= INFORMATION PROVIDED =
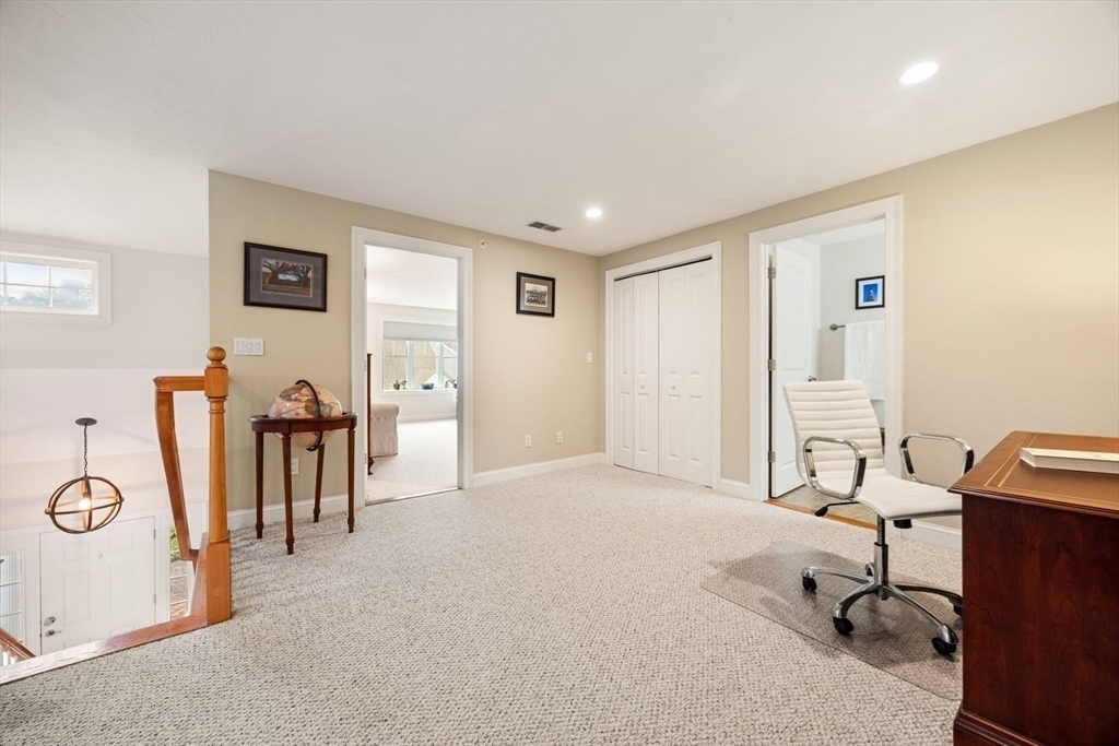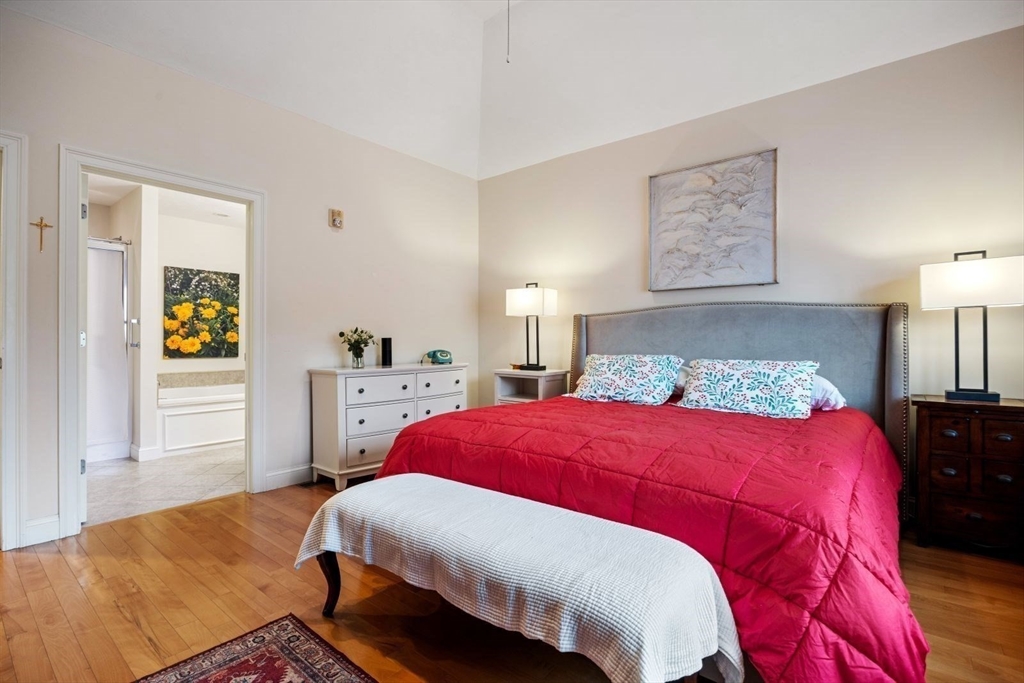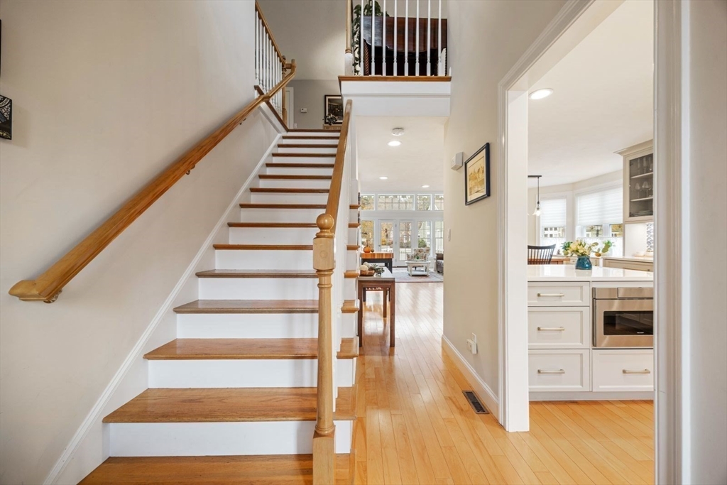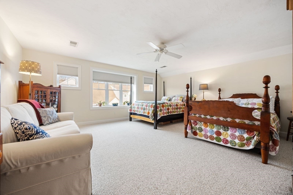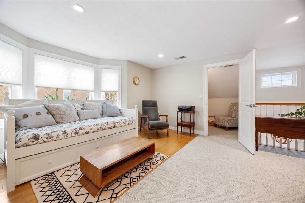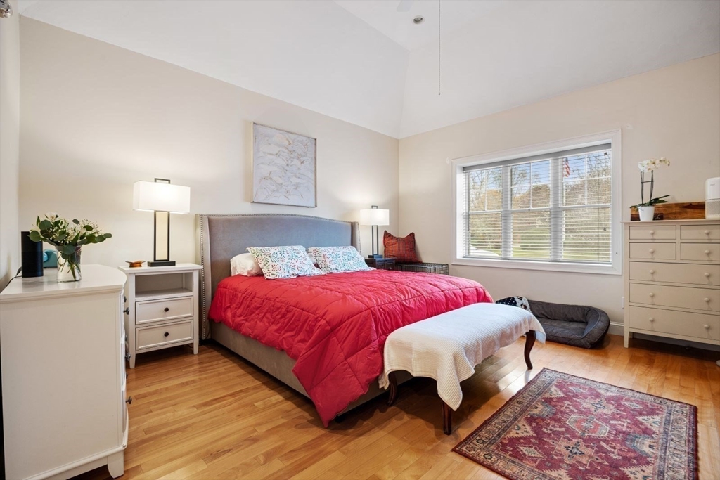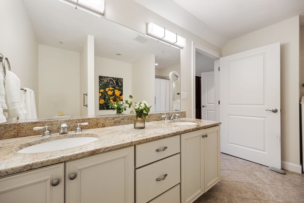 Welcome to The Maples! A beautifully maintained 55+ end unit offering exceptional natural light, space and comfort. The remodeled kitchen features custom cabinetry, a tiled backsplash, stone countertops and Bosch appliances including an induction stove and built-in microwave. The dining room provides ample space for entertaining, while the living room showcases vaulted ceilings that enhance the bright, open feel and a gas fireplace that creates a warm focal point for cooler evenings.The first-floor en-suite bedroom includes a spacious bath and walk-in closet. The main level also offers a guest bath and a combined laundry/pantry area. The second floor features an open loft ideal for a study, sitting area or hobby space, along with a large bedroom, walk-in closet and full bath. Additional highlights include a two-car garage with interior access and an upgraded Trex deck with quality railings and an awning. A wonderful opportunity in a sought-after 55+ community.
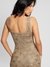 Beige Self Design Square Neck Sleeveless Bodycon Dress
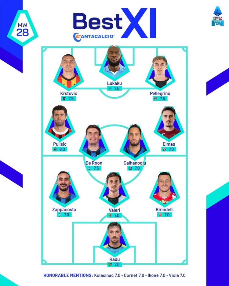 2025-03-12 07:01:30意甲官方本輪最佳陣:普利西奇、恰20領(lǐng)銜,盧卡庫(kù)、拉杜在列

= WHAT IS BEING ASKED =
Leaving the images out, retype all the material above exactly.

= RESPONSE =
 Welcome to The Maples! A beautifully maintained 55+ end unit offering exceptional natural light, space and comfort. The remodeled kitchen features custom cabinetry, a tiled backsplash, stone countertops and Bosch appliances including an induction stove and built-in microwave. The dining room provides ample space for entertaining, while the living room showcases vaulted ceilings that enhance the bright, open feel and a gas fireplace that creates a warm focal point for cooler evenings.The first-floor en-suite bedroom includes a spacious bath and walk-in closet. The main level also offers a guest bath and a combined laundry/pantry area. The second floor features an open loft ideal for a study, sitting area or hobby space, along with a large bedroom, walk-in closet and full bath. Additional highlights include a two-car garage with interior access and an upgraded Trex deck with quality railings and an awning. A wonderful opportunity in a sought-after 55+ community.
 Beige Self Design Square Neck Sleeveless Bodycon Dress
 2025-03-12 07:01:30意甲官方本輪最佳陣:普利西奇、恰20領(lǐng)銜,盧卡庫(kù)、拉杜在列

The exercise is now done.